Marks Point is a suburb of the City of Lake Macquarie in New South Wales, Australia, located 23 km from Newcastle's central business district and forming a small peninsula extending into the eastern side of Lake Macquarie. The Aboriginal people, the Awabakal, were the first people in the area.

==History==
The suburb is named after the Marks brothers, and is one of the oldest suburbs in the Lake Macquarie area.

Local businesses in Marks Point include a marina, post office, two cafes, newsagency, hairdressing salon, take away and bowling club. There is also a Public School, child care centre and a community hall available for hire which backs onto the local soccer field. As of the 2006 census, 23.0% of homes in the northeast of the suburb were Housing Commission properties, compared to 2.8% in other parts of the suburb.

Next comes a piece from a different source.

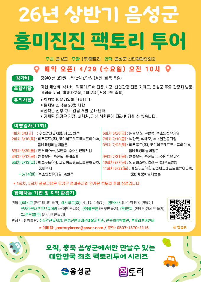 팩토리투어 예약은 29일 오전 10시부터 가능하며 상세한 정보와 예약 방법은 음성군 SNS와 음성군청 문화관광 누리집을 참고하면 된다.

Marks Point and nearby areas were until recently serviced by the nearby Belmont Airport (IATA Code – BEO) in the suburb's south, which has since been closed down for redevelopment.

It is named after Charles Marks who had an orchard there.

Early settlers Henry and Charles were brothers of Maurice Marks, an early settler in Belmont. Henry bought the land at the Point and he and Charles went into partnership in an orchard. In 1885 he sold this to Charles, who lived on at Marks Point until he died.

The Marks brothers' orchard grew oranges and pineapples. In the 1920s there were still Chinese Market Gardens near the present Marks Point Public School. Charlie Hollis operated a slipway and marine business in Edith Street from 1954 to 1980, when it became Marks Point Marina.